Zany Underemployed Closeted Homosexual With A Chip On His Shoulder Officially Ends His "Taco Litmus Test"

July, 2007. "Dude, honestly, official new rule. I call it the Taco Litmus Test. I'm going to take any girl I kinda like to the La Isla Bonita Taco Truck. It's super good. Real close to my crib. The roomies and I go after the bars close. So if the girl I'm with digs on the truck, Date 2. If not, guess it wasn't meant to be."

May, 2008. While waiting to pick him up a surprise chicken burrito from the truck, the guy's friendly, masculine girlfriend Katy is somehow lured into an alley and subsequently savagely beaten and raped by a sinewy, red-faced wino.

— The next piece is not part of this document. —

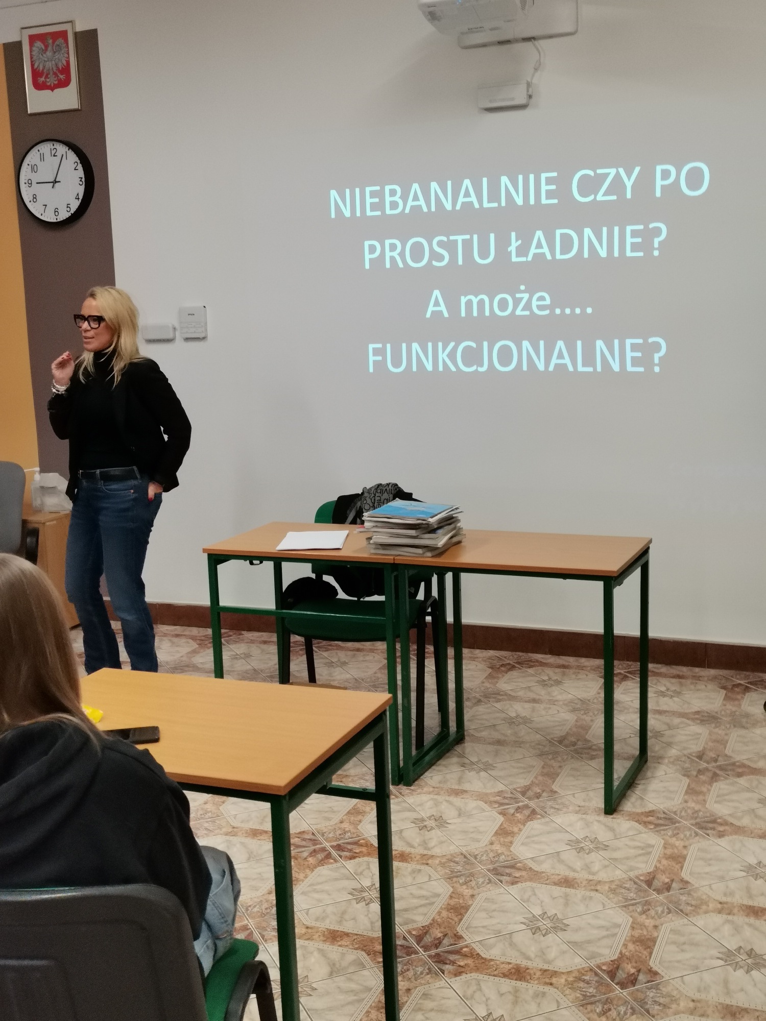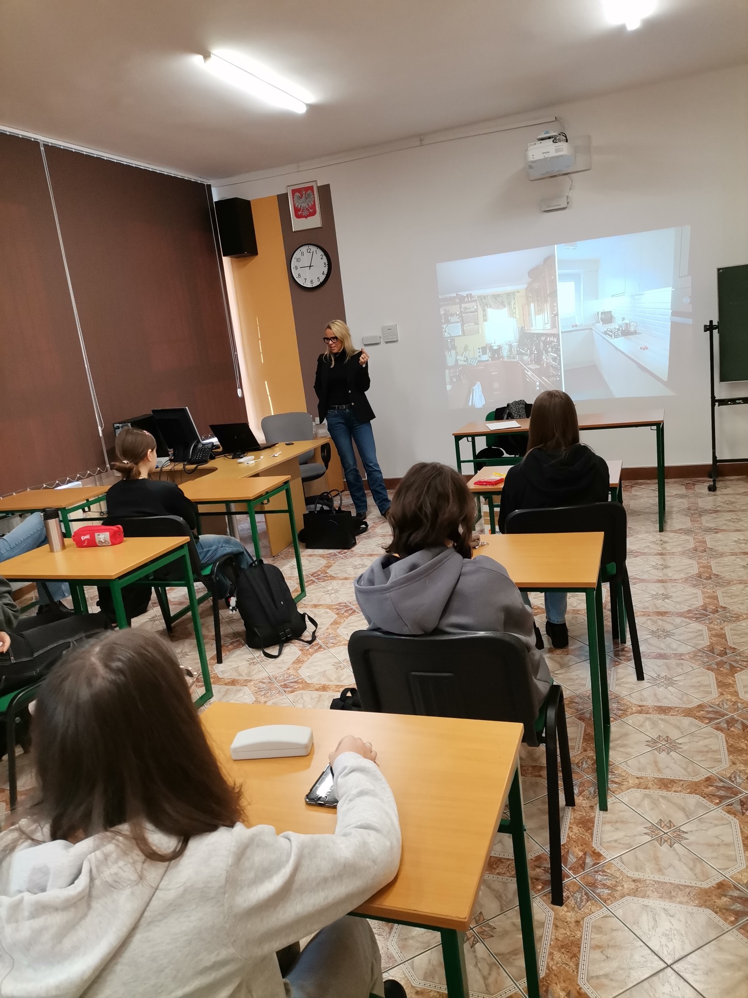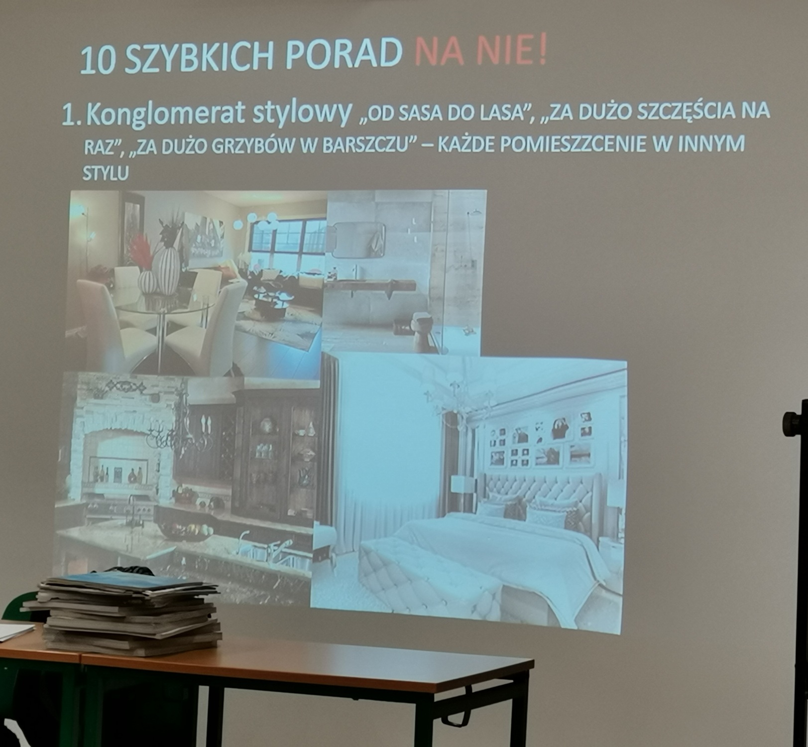 27 listopada 2023 r. uczennice i uczniowie z klas 1 E i 1 F z kierunku – Technik aranżacji wnętrz uczestniczyli w warsztatach prowadzonych przez wykładowcę Akademii Śląskiej panią doktor Barbarę Uherek- Bradecką. Temat warsztatów to: „Niebanalny dom - niebanalne wnętrze”. Na początku zajęć było wprowadzenie - co to jest w ogóle architektura wnętrz i na czym należy się skupić projektując. Hasło przewodnie architekta wnętrz to: nie szkodzić, nie kopiuj (z katalogu), nie ściemniaj (raczej jasne barwy), nie zasłaniaj (bez firan, zasłon), nie wystawiaj (wszystkich swoich pamiątek z podróży). Pokazane zostały błędy w aranżacji wnętrz na różnych przykładach, w różnych stylach mieszkania a także możliwości zastosowań różnych materiałów. W drugiej części warsztatów młodzież sama projektowała pokój naklejając na kartkę wycięte z katalogów elementy wyposażenia wnętrza. Można zauważyć dużą różnorodność w podejściu do tematu na załączonych zdjęciach. Zajęcia możemy uznać za bardzo udane. Na zakończenie warsztatów pani doktor zaprosiła młodzież do uczestnictwa w 4 DESIGN DAYS, w terminie 25 - 28.01.2024 r. w Międzynarodowym Centrum Kongresowym w Katowicach.

June, 2009. "Dude, what the hell?! I don't care how many shots you did. How could you even think it was cool to ask if I still do the Taco Litmus Test after what happened to Katy? I don't even know what to say to be honest. If you were in my position, and you first told me about the Taco Litmus Test you had, and then something terrible happened to your ex at the truck, I would never, never ask you if you still had a Taco Litmus Test. Dude, honestly, I'm bouncing. Like, let's talk about this when you've had time to think about just how friggin offensive it is to even mention the Taco Litmus Test."